Cities are failing children, UNICEF warns in ‘The State of the World’s Children 2012: Children in an Urban World.’ The annual report on the issues and situations that children face, which was launched on Tuesday last, noted that globally, there are more urban children than ever before and that the overwhelmed cities in many cases prove to be dangerous, especially for poor children.
Sixteen years ago, the United Nations Population Fund (UNFPA) had pointed to the growing urban shift in its annual State of the World’s Population report, noting that as more rural dwellers sought the ‘better life’ they felt was possible in cities, the dynamics would change. There would be need for planning to cater for the deluge of new city residents; housing, always a difficulty in cities, would be overburdened and water and sewerage facilities overtaxed. The report, titled ‘Changing Places: Population, Develop-ment and the Urban Future,’ examined how cities, particularly in developing countries, were expanding population-wise and cautioned that the impending challenges could be daunting. Planning would be needed, it said, to ensure adequate infrastructure, housing, employment and social services, given that urban poverty was already extremely high.
Sixteen years would have been enough time to expand social services and improve infrastructure had any heed been paid to the UNFPA’s predictions. In fact, in 16 years, new cities could have been built.
Instead, today, UNICEF is left to bemoan the plight of many urban children. It notes that more than a billion children in the world now live in cities and towns and while for some there are the distinct advantages of access to the best educational, medical and recreational facilities, the poorest who are in the majority, are privileged only to live in the vicinity of these.
Poor urban children are denied such essentials as electricity, clean water and health care; are forced into dangerous and exploitative work instead of being able to attend school; face the constant threat of eviction, since their parents are squatters; and are acutely vulnerable to abuse, disease and disaster because of their cramped living conditions.
In Georgetown, where environmental disaster constantly hovers on account of the garbage problems, stagnant drains, failing sewerage system and uncertain water supply, the risk to children living in areas such as Tiger Bay and the various squatter shacks on the embankment of trenches in Ruimveldt and other areas cannot be overemphasized. There are so-called landlords too, in South Georgetown slum areas, charging exorbitant rents for tiny one-room hovels with no water or electricity, and where families of five and more live practically on top of each other.

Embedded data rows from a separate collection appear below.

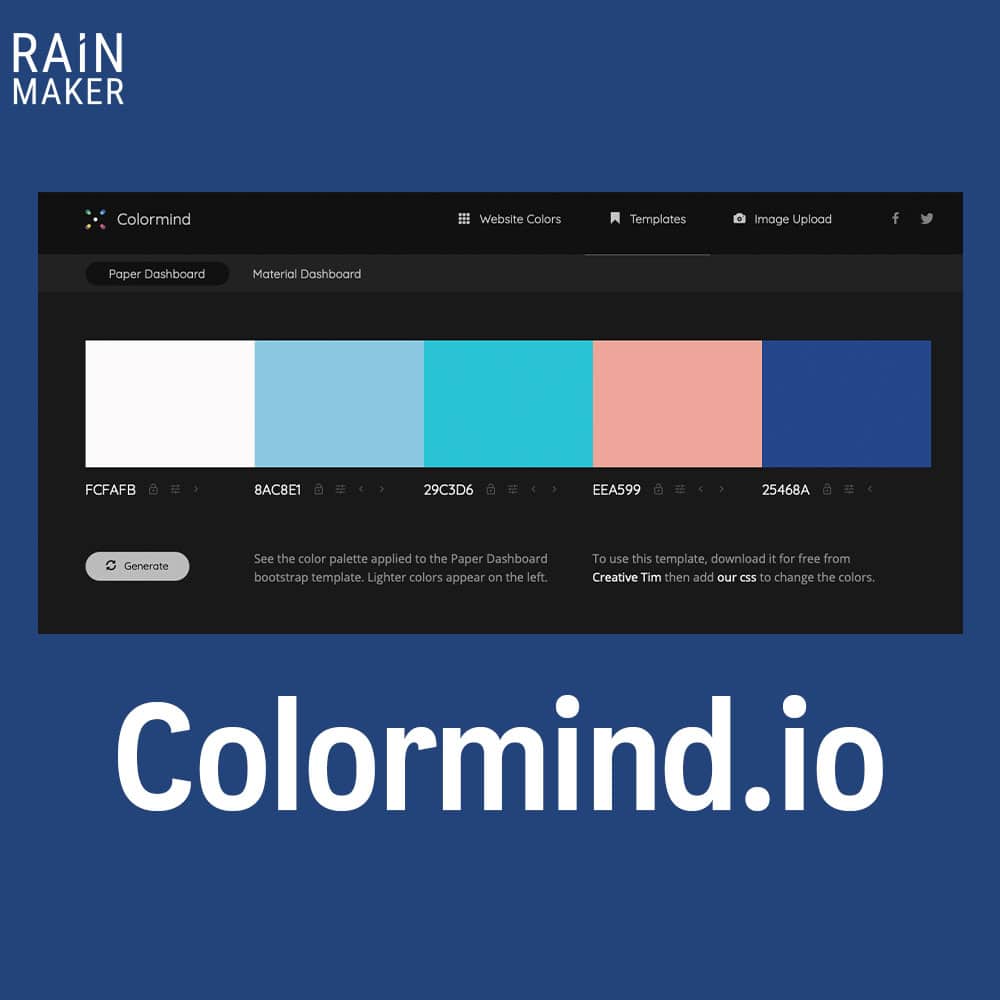 2. Colormind.io เว็บไซต์นี้ มีจุดน่าสนใจคือ มีระบบที่ฉลาดสามารถจับคู่สีและสร้างโมเดลงานต่างๆ ออกมาได้อย่างง่ายดายและรวดเร็ว ที่สำคัญคือใช้งานฟรี! นอกจากนี้ยังมีงานออกแบบเป็นตัวอย่าง ให้เราสามารถเลือกดู เพื่อเป็นไอเดียได้อีกด้วย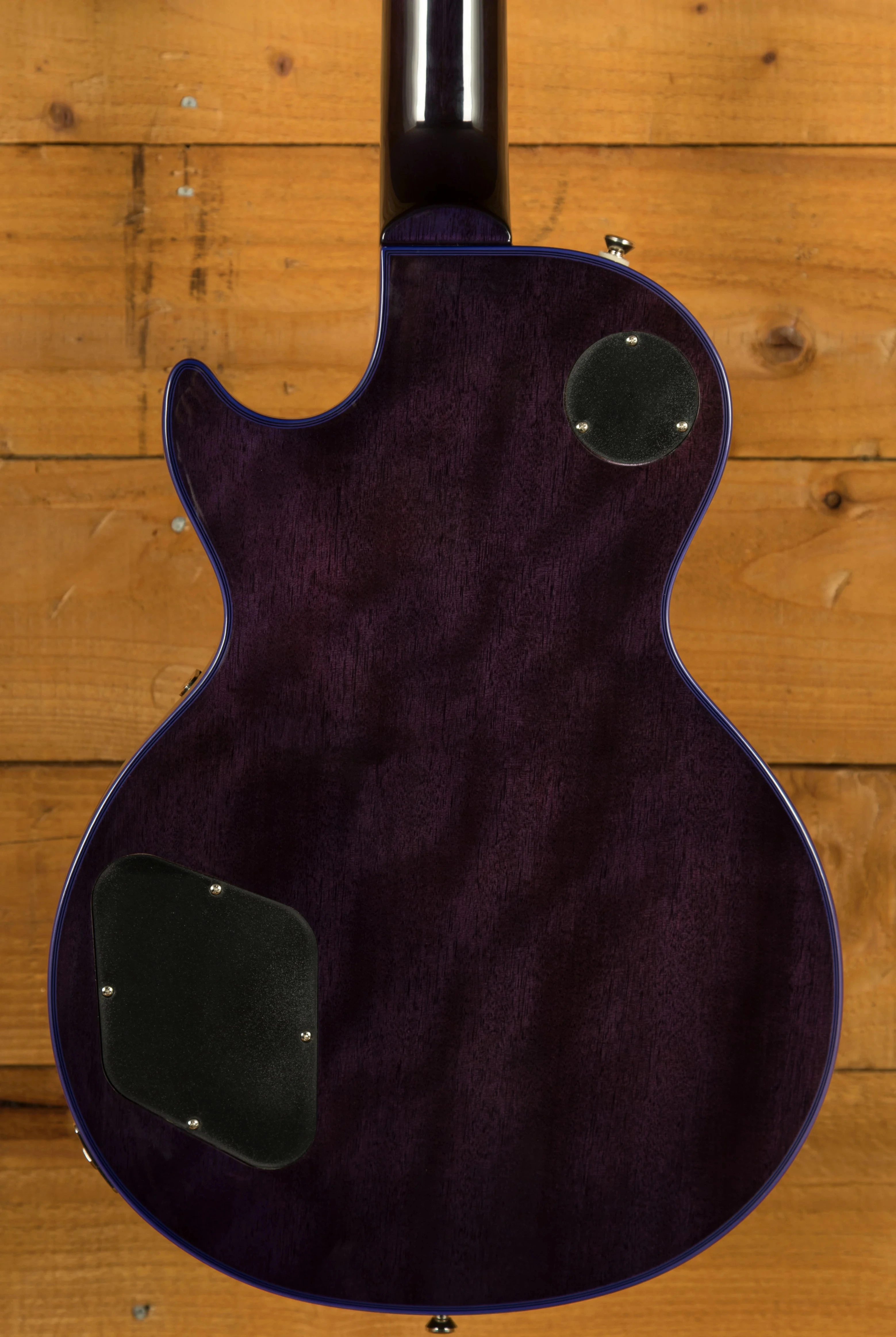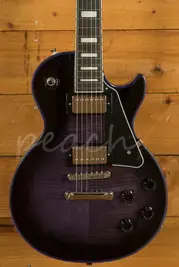 For pickups, the Les Paul Custom is equipped with a pair of Epiphone Probucker Custom humbuckers; based on Gibson's Custombuckers, these pickups deliver a versatile range of PAF-inspired tones. These pickups are complemented by CTS potentiometers, allowing for precise control over your volume and tone settings. The guitar's hardware includes a LockTone Tune-O-Matic bridge with a LockTone stopbar for solid intonation and sustain, and Grover Rotomatic tuning machines for reliable and accurate tuning. The 1-11/16" Graph Tech further enhances tuning stability by preventing the strings from getting caught on it and later slipping.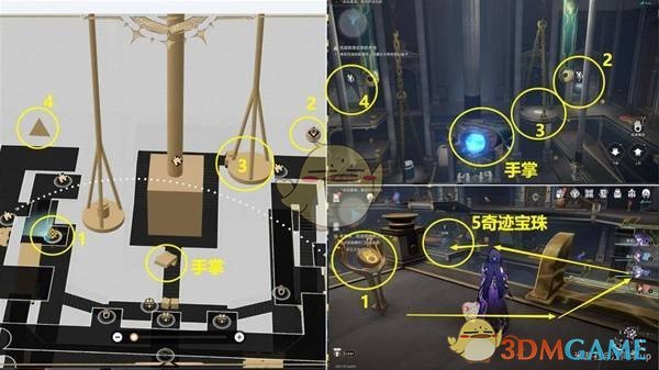 然后,退出并从1号位置右侧下去,前往下方中间位置的【5号奇迹宝珠】位置,开启【5号奇迹宝珠】。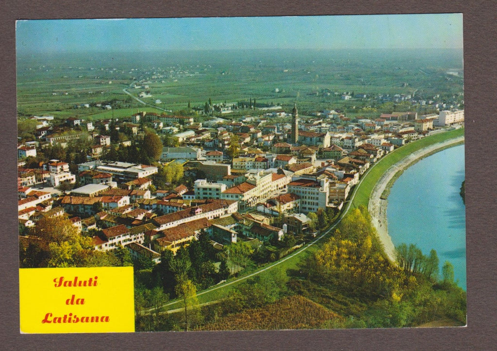 AK Saluti da Latisana. Panorama aereo. Ungelaufen. Großformat. Verlag: Cigaina. Nummeriert: 18. Zustand: gut, geringe Läsuren.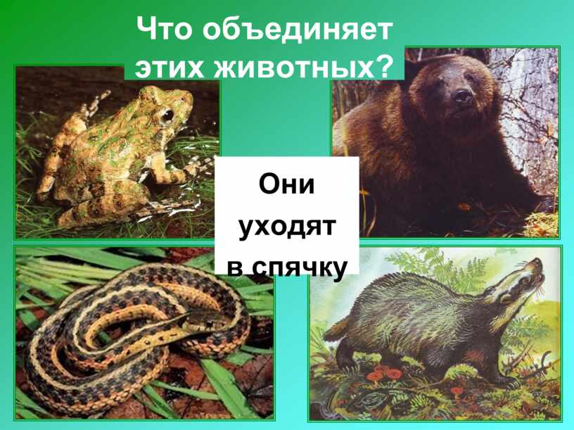 - Что объединяет этих животных? Эти животные уходят в спячку.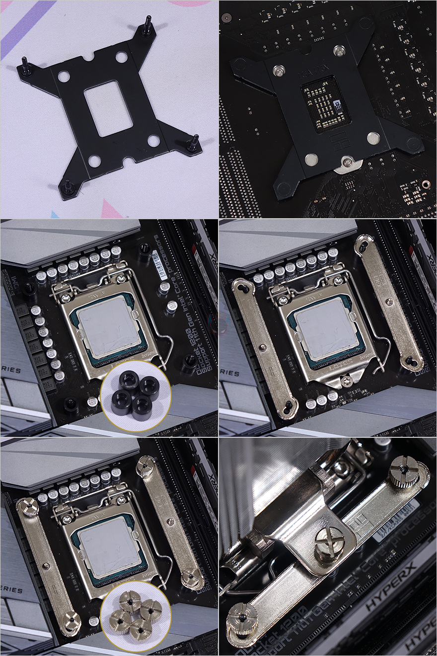 그럼, 써멀라이트(Thermalright) Assassin King 120 Plus CPU쿨러를 사용해 보는데, 먼저 장착 같은 경우에는 이미 써멀라이트 제품을 사용해 본 소비자라면 익숙하며, 초보자도 설명서를 참고하면 어렵지 않게 장착할 수 있을 만큼 쉬운 편입니다. 리뷰에선 부속품이 가장 많이 사용되는 인텔 LGA 115x/1200 소켓 기준으로 설명하는데, 일단 인텔용 백플레이트를 메인보드 후면에서 끼운 후, 스탠드오프를 올려주고, 그 위에 인텔용 브라켓을 올려줍니다. 그리고, 브라켓 너트로 고정시킨 다음, 히트싱크를 올려서 히트싱크에 있는 마운트와 브라켓을 체결해 주면 히트싱크 장착은 끝나고, 마무리로 팬 클립을 사용해 팬까지 장착해 주면 되죠.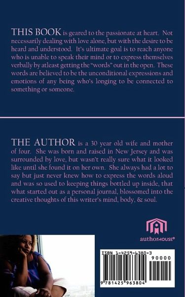 This book is geared to the passionate at heart. Not necessarily dealing with love alone, but with the desire to be heard and understood. It's ultimate goal is to reach anyone who is unable to speak their mind or to express themselves verbally by atleast getting the "words" out in the open. These words are believed to be the unconditional expressions and emotions of any being who's longing to be connected to something or someone.
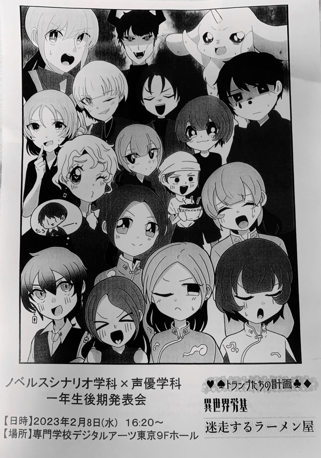 こちらの発表会、実はノベルス・シナリオ学科とコラボレーションしております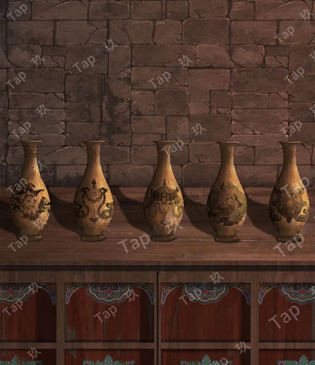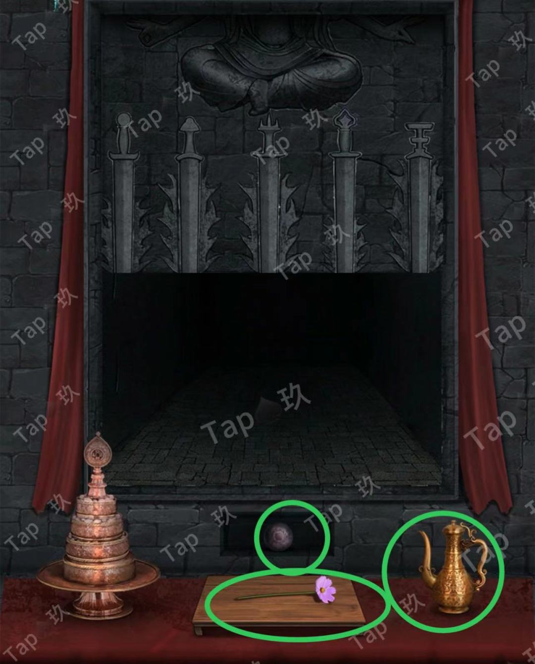 25-点击左侧佛龛,放置【禅音花】【青稞酒】【摩尼宝珠】,密道打开了进入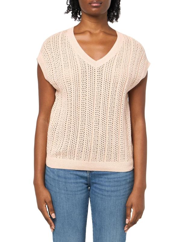 В'язаний жилет DKNY. Стильний і приємний до тіла в'язаний жилет із люрексом. V-подібний виріз. Горловина, пройми для рук і поділ еластичні та в рубчик. На подолі текстильна нашивка з логотипом бренда. Цей жилет можна носити як самостійно деталь, так і як верхній шар. Чудова якість. Розміри: XL У Києві самовиїзд і примірювання можливе в робочі дні з 9.30 до 18.00. У невеликому та затишному шоу допоможемо підібрати Вам саме те, що потрібно! Відсилання Новою Поштою і Укрпошта щодня. Доступний накладний платіж без передоплату. Кур'єрська доставка по Києві.

What is unfortunate is that many families in Guyana, who exchange their rural existence for an urban one, do so in pursuit of a better life. Rural residents constantly complain that much of what they require in order to live comfortable lives remains centred in the city. Parents want their children to have access to ‘good schools’ and modern medical facilities. Or they move because there are no jobs available in the rural areas where they live. In addition, farming, which for many ‘ruralites’ was a means of earning their daily bread, has now become an expensive and unsure undertaking. Annual flooding in former arable areas has drowned and washed away crop after crop, frustrating farmers and putting them seriously out of pocket. Farmers’ children, in many cases, have very little incentive to follow in their parents’ footsteps and opt instead to take the urban trek only to find out that not only is the grass not greener, there is very little of it.
‘The State of the World’s Children 2012: Children in an Urban World’ report urges that action be taken to “understand the scale and nature of poverty and exclusion affecting children in urban areas” and identify and remove the barriers to inclusion. Like the UNFPA did 16 years ago, it calls for urban planning, infrastructure development, service delivery and broader efforts to reduce poverty and inequality to meet the particular needs and priorities of children. It also recommends partnerships between government and the urban poor, especially children and young people, among other things, for fairer, more nurturing cities and societies for all people – starting with children.
While Georgetown needs a great deal of effort to halt its own failure, whoever eventually handles the gargantuan task of fixing this city, should also take these recommendations on board.